Chapitre 2

4 minutes de lecture

Assoupi tout habillé sur le dessus-de-lit à fleurs en polyester mauve, Marcus est réveillé en sursaut par des coups contre la porte.

— Hey ! C'est Irwin ! Linda m'a indiqué votre chambre.

— J'arrive, répond Marcus, l'esprit encore embrumé.

Il se lève en soufflant et ouvre à son interlocuteur.

— Oups... je vois que je vous réveille, s'excuse maladroitement Irwin.

— Ce n'est pas grave, que voulez-vous ?

— Bah, il est vingt-heures.

Marcus cligne des yeux, une expression interloquée sur le visage, lorsque le repas avec ses futurs collègues lui revient en tête.

— Ah oui, c'est vrai, j'avais oublié...

— Pas grave, prenez votre temps. On va boire une bière au bar en vous attendant, lance Irwin avec un clin d'œil.

— Je me rafraîchis et je vous rejoins.

Sitôt la porte refermée, Marcus ne peut s'empêcher de soupirer. D'une nature plutôt asociale, exacerbée par des années passées enfermé chez lui à travailler seul sur ses écrits, l'idée d'un repas en compagnie d'ouvriers extravertis et bourrus ne lui plait guère. Une interrogation lui taraude soudain l'esprit : à quand remonte son dernier dîner entre amis ? Marcus a beau fouiller dans les tréfonds de ses souvenirs, impossible pour lui de mettre une date sur un tel événement.

Secouant la tête pour chasser cette idée qu'il pense sans intérêt, il se dirige vers la salle de bain pour y prendre une douche méritée.

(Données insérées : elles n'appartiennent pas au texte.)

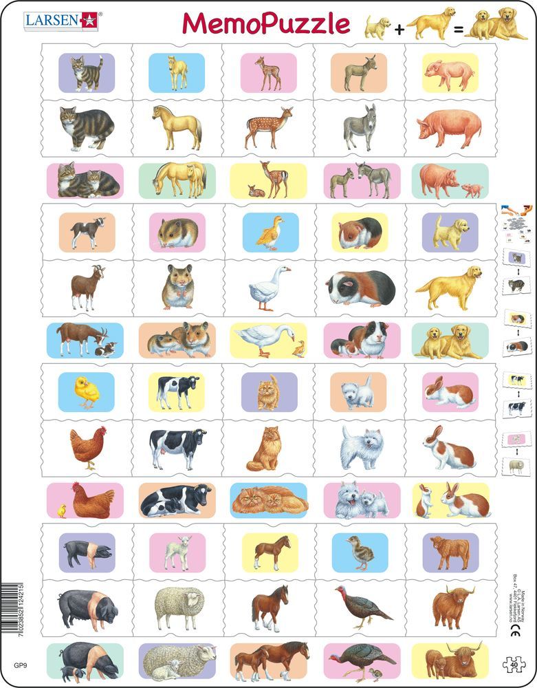 Мемопазл Животные с детёнышами — это обучающий пазл для детей. С его помощью ребенок сможет выучить названия животных и их детей. Ребенку предстоит сопоставить детали головоломки — изображение кошки с... Показать описание пазлом кошки с котенком, лошадь с жеребенком, курицу с цыпленком. Каждый пазл имеет индивидуальную форму и подходит только в нужном месте. Многообразие форм вырубки и различные размеры отдельных элементов способствуют развитию мелкой моторики у малышей. Сделанные из высококачественного трехслойного картона, они не деформируются и легко берутся в руки. Все пазлы снабжены специальной подложкой, благодаря чему их удобно собирать. В наборе: 40 деталей пазла. Размер собранного поля - 36,5 x 28,5 см.

En quittant sa chambre, Marcus perçoit des rires et une discussion animée venant du rez-de-chaussée. Une boule se forme dans son estomac à mesure qu'il descend les quelques marches. Néanmoins, un semblant de soulagement le traverse lorsqu'il remarque que Linda n'est plus derrière la réception. Un jeune homme aux cheveux noirs, tout juste adolescent, la remplace, absorbé par son smartphone.

Lorsque Marcus passe devant le comptoir, il se redresse vivement et l'interpelle.

— Bonsoir, Mr Greenwood. C'est un honneur de vous rencontrer, lance-t-il.

Marcus se tourne vers lui et le dévisage d'incompréhension, tandis que les grands yeux verts du garçon brillent d'admiration.

— Comment savez-vous qui je suis ?

— C'est mon père qui me l'a dit.

— Irwin, pense Marcus, eh bien, c'est un plaisir de te rencontrer, hum ?

— Jebediah, m'sieur ! répond le jeune homme avec entrain.

— Enchanté Jebediah, et merci pour ton soutien.

Marcus s'apprête à s'éloigner lorsqu'il se ravise et se penche vers lui.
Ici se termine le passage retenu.